(YOUR INSTRUCTIONS):
Leaving out every picture, copy the lines of the data exactly, from the first through the line containing "Ce spa dispose".

(AVAILABLE DATA):
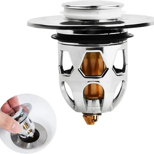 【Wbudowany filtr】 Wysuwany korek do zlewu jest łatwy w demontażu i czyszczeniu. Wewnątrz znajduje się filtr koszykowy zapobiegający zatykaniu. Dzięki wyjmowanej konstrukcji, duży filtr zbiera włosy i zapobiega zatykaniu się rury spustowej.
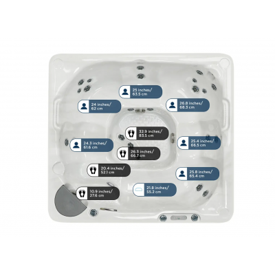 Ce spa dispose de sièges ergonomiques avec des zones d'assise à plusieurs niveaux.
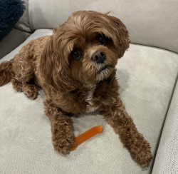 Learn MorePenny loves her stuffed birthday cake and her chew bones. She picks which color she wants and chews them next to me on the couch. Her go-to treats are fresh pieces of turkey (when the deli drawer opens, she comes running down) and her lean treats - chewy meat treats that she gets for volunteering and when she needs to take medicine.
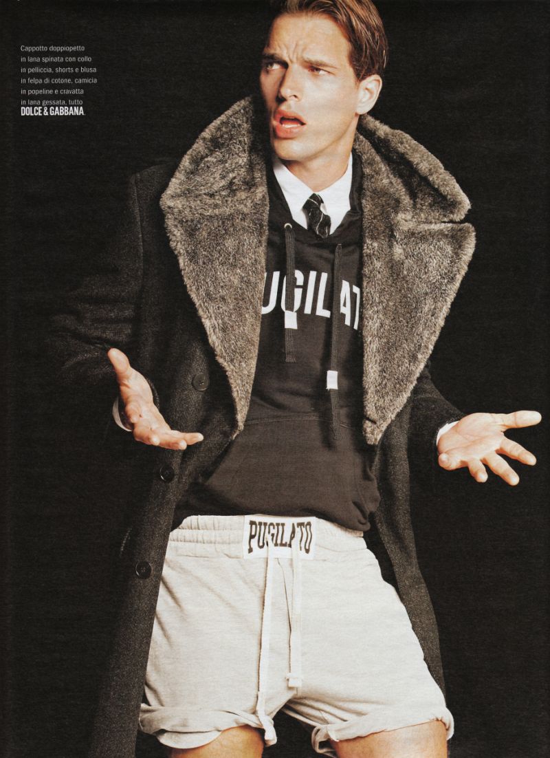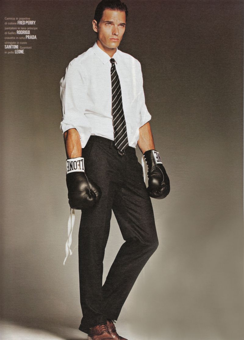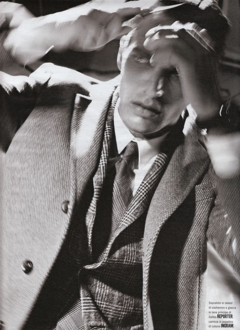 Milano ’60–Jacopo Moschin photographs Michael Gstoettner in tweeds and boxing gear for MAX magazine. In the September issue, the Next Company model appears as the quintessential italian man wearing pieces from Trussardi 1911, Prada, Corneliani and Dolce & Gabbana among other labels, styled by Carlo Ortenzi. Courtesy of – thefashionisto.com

(RESULT BELOW):
 【Wbudowany filtr】 Wysuwany korek do zlewu jest łatwy w demontażu i czyszczeniu. Wewnątrz znajduje się filtr koszykowy zapobiegający zatykaniu. Dzięki wyjmowanej konstrukcji, duży filtr zbiera włosy i zapobiega zatykaniu się rury spustowej.
 Ce spa dispose de sièges ergonomiques avec des zones d'assise à plusieurs niveaux.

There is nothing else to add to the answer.